Findings from a joint study on the role of school counselors from the Connecticut State Department of Education, the Connecticut School Counselor Association, and the Center for School Counseling Outcome Research and Evaluation at the University of Massachusetts Amherst revealed schools with fewer students and more counselors had lower rates of student suspensions and disciplinary actions.

Former superintendent, educator, and school counselor Gary Marks spent decades working in Nebraska schools. He agreed that student counseling and support for teachers in the classroom have hit a critical point.

“You need way more counselors when you’re having all these mental health issues,” Marks told The Epoch Times.

For example, he pointed to where his grandchildren go to school in Tennessee’s Farragut school district, which has only two counselors for about 600 students.

He also thinks a general lack of respect for educators underscores why more are leaving their jobs early, and others are reluctant to apply.

“The respect situation is just a huge issue,” he said.

Marks was candid when asked about the difficulties of hiring new talent in schools. “I don’t know right now, given the way the world is, if I’d be interested in being a classroom teacher.”

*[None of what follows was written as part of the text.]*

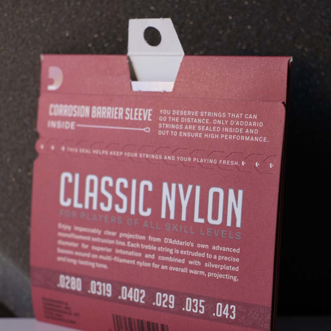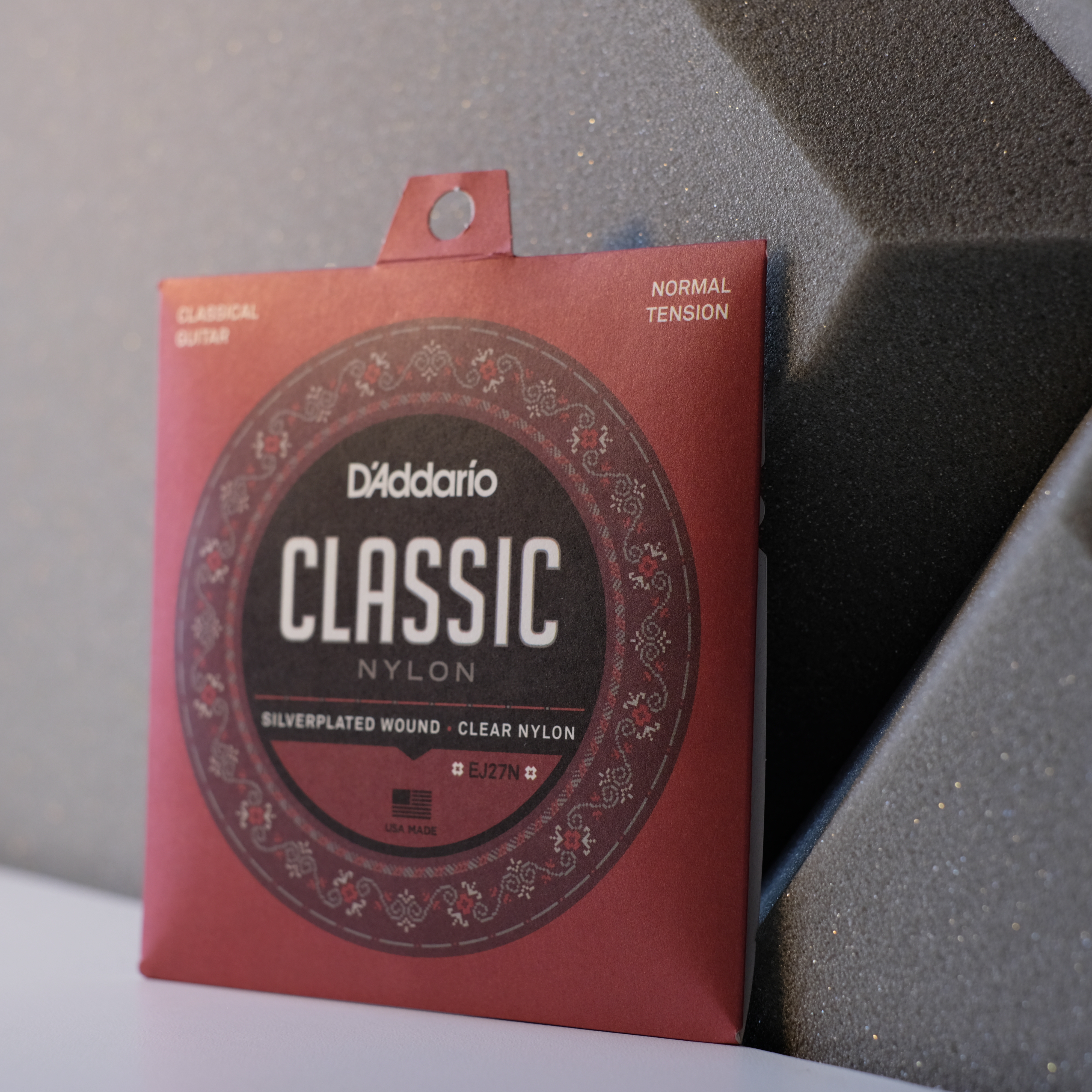 D'Addario's EJ27N Classic Nylon guitar strings are great for beginners, students and professionals alike. This normal tension set contains 3 clear nylon trebles and 3 silver-plated copper wound basses for the optimal balance of warm and projecting, long lasting tone. This normal tension set is also available for fractional 1/2 and 3/4 size classical guitars.

Yet the struggle to keep existing educators and hire new ones is only half the battle. A new report from the American Association of Colleges for Teacher Education indicates that university students pursuing teaching degrees are declining.

In 2019, U.S. colleges awarded fewer than 90,000 undergraduate degrees in education. That’s down from nearly 200,000 a year in the 1970s. Over the past 10 years alone, the number of people completing traditional teacher preparation programs has dropped by 35 percent.

“This is a five-alarm crisis,” said NEA president Becky Pringle.

One of the hurdles administrators face amid the staff scarcity is a lengthy certification and training process even after qualified university graduates apply to teach.

“I want to continue teaching—however, I’m being forced out,” Lisa Carley Hotaling told The Epoch Times.

Having taught in Michigan and New York, Hotaling found herself between a rock and a hard place after she took a teaching job in California as an emergency hire in the Alameda Unified school district.

Despite already having a master’s degree and more than a decade of education and classroom experience, she still has to take the California Basic Skills Test (CBEST) and go back to school specifically for her master’s in education to continue teaching.